3.2.2. Specific Synergistic Action of NZB to PolB on Mcr-1 Expressing E. coli Strains

BP, a negatively charged nanosheet, is expected to better interact with positively charged cells including Mcr-1 modified E. coli cells [8]. Therefore, we expect NZB binding to Mcr-1 modified E. coli cells to have increased synergy to PolB, a positively charged antibiotic. To verify our hypothesis, the synergistic activity of NZB was evaluated using checkerboard assays between PolB and NZB with E. coli strains BW25113, BW25113 of pQE60-mcr-1, NCCP isolates, and NDM-1 MDR strains. According to FICI values (Table 1), NZB to PolB exhibited maximum synergistic activity (FICINZB/PolB = 0.275–0.3) against mcr-1 expressing E. coli strains, and not for other strains including NDM-1 (FICI NZB/PolB = 2). Therefore, the synergy of NZB to PolB is specific to Mcr-1 modified E. coli strains.
It is worthy to note that the NZB and PolB combination has also been evaluated against other Gram-negative strains such as Pseudomonas aeruginosa (ATCC27853) (Figure S5a) and Acinetobacter baumannii (ATCC19606) (Figure S5b), and a Mcr-1 expressing clinical isolate of Klebsiella pneumoniae (NCCP16285) (Figure S5c), where no synergistic activity was observed. This indicates that NZB and PolB combination is specific to only E. coli strains expressing Mcr-1, instead of the synergistic action on all Gram-negative strains whenever the expression of Mcr-1 is presented. However, this conclusion should be further validated by the assessment of various bacterial strains with different features.

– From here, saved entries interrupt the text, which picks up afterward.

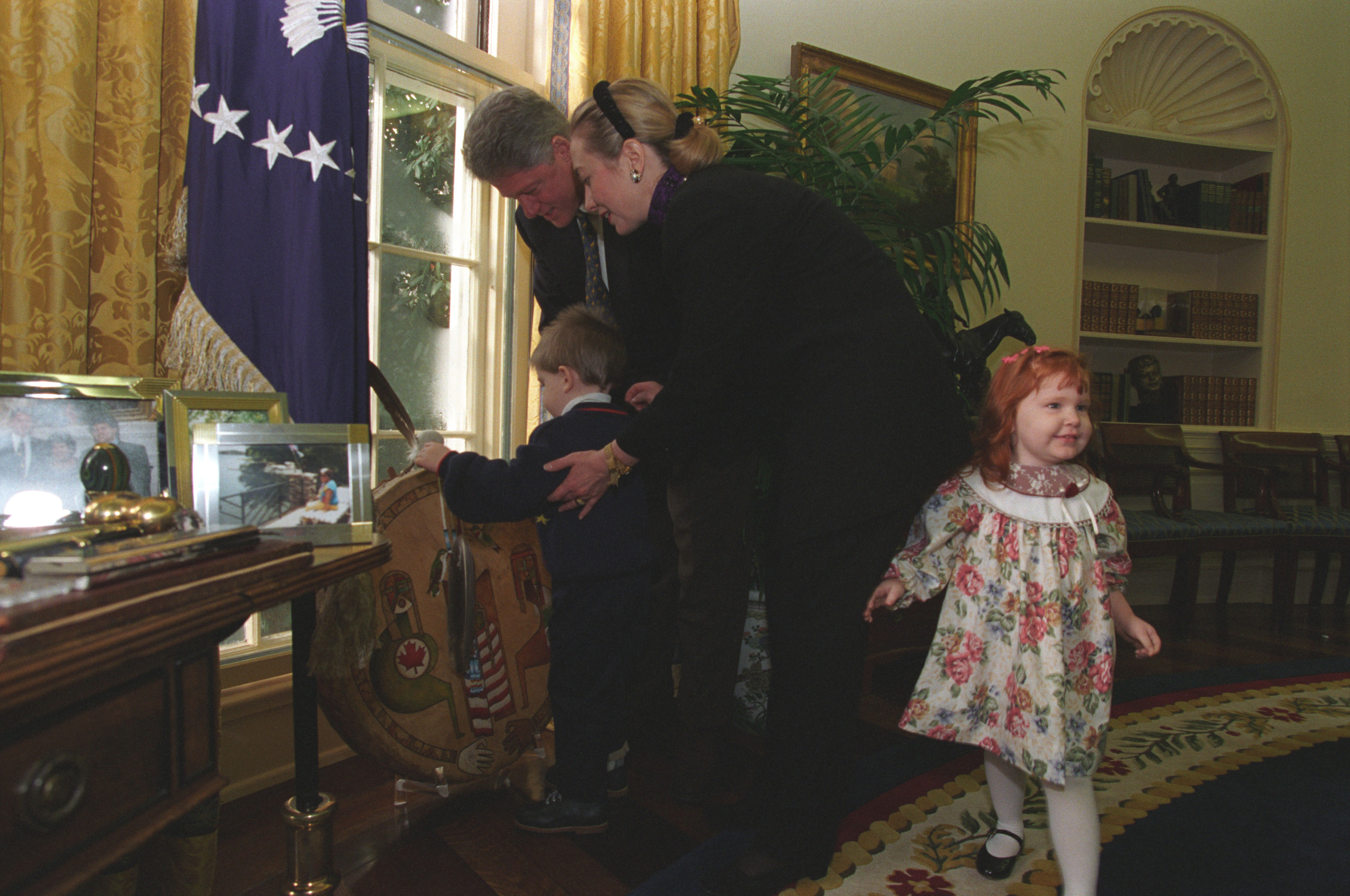 President Clinton and First Lady Hillary Rodham Clinton show photos and other items in the Oval Office to Brendon Denny and Rebecca Denny, children wh...Read morePresident Clinton and First Lady Hillary Rodham Clinton show photos and other items in the Oval Office to Brendon Denny and Rebecca Denny, children who were injured in the Oklahoma City bombing. They Denny family were guests at the President's Radio Address, January 6, 1996, Photographer: Barbara Kinney. Read lessP35645-04a
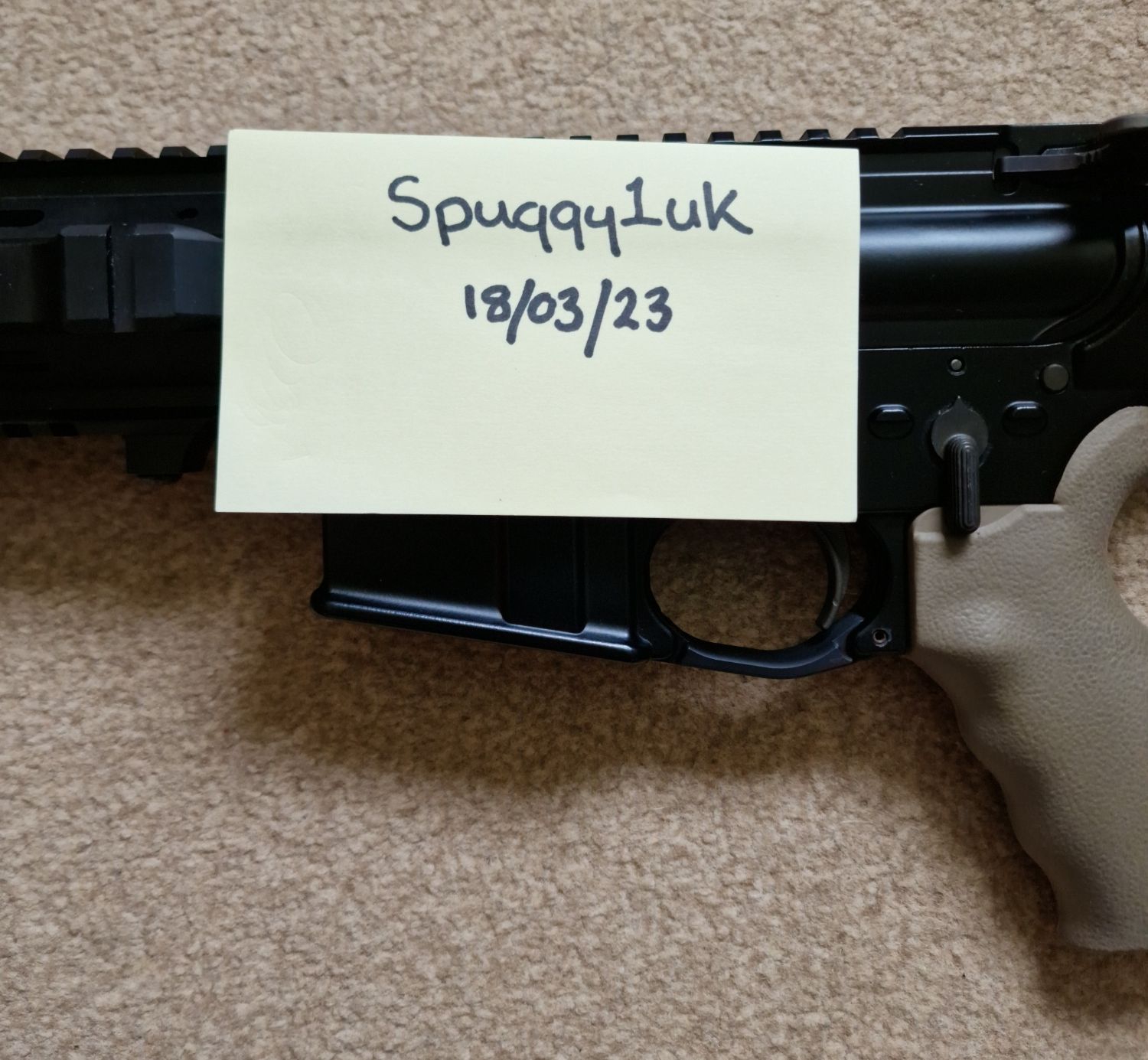 Never skirmished, less than 50 BB's put through it to test for function! No mods or changes of any kind internally (completely ‘stock’ from new). The barrel has been cut and re-threaded to correct length (14mm CCW by LC’s Engineering Outpost). This type has the plain, unmarked lower receiver that can be engraved with correct trades if required. FPS not known/not tested.
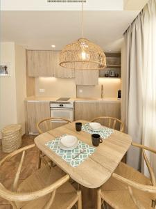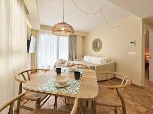 Klimatyzowany apartament obejmuje osobną sypialnię oraz salon z dwoma miejscami do spania, w tym rozkładaną sofą zapewniającą dodatkowe miejsce noclegowe. W pełni wyposażony aneks kuchenny zawiera piekarnik, płytę grzewczą, lodówkę, zmywarkę, mikrofalówkę, ekspres do kawy, toster i czajnik elektryczny wraz ze wszystkimi niezbędnymi naczyniami kuchennymi oraz zestawem do przygotowywania herbaty i kawy. Do dyspozycji gości jest także stół jadalny.
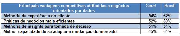A pesquisa da Experian mostra unanimidade das empresas (98%) em relação ao uso da gestão de dados para promover a melhoria da experiência do cliente. A otimização da interação com o consumidor apareceu entre as vantagens competitivas mais atribuídas a uma atuação orientada pela inteligência da informação – tanto na média dos países quanto no indicador das companhias ouvidas no Brasil:
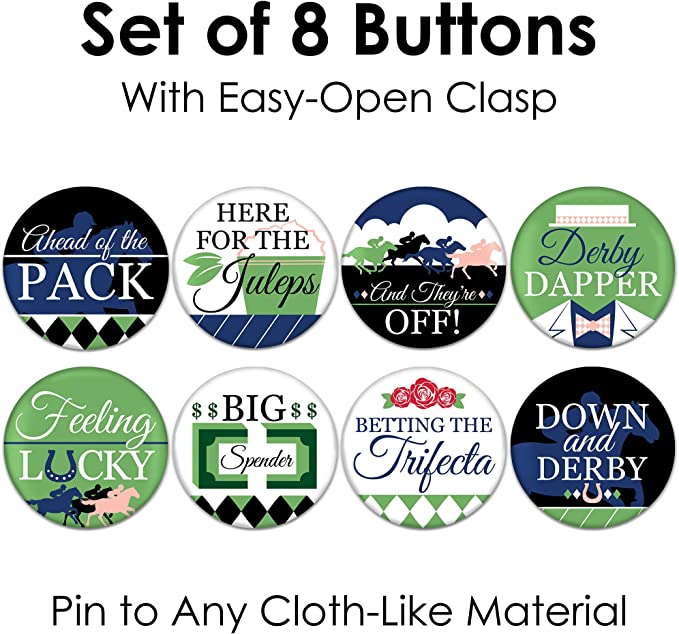肯塔基赛马会 - 3 英寸赛马派对徽章 - 别针纽扣 - 8 件套

3.3. Morphological Characterization of Bacteria

For antibacterial properties of PolB, NZO, NZB, and NZB/PolB combination, morphological analysis of bacteria (NCCP16283) under different treatments were performed using SEM. As illustrated in Figure 3a, untreated E. coli cells showed typical bacterial morphology with a smooth surface and normal length. Meanwhile, bacterial cells treated with NZB/PolB combination (Figure 3b) showed cell membrane disruption. in particular, the shape of NCCP16283 largely deviated from that of normal cells when treated with NZB/PolB. This indicates that NZB showed a different mechanism of action in bacterial killing and the synergistic action of NZB to PolB is shown (Table 1) to kill more bacterial populations.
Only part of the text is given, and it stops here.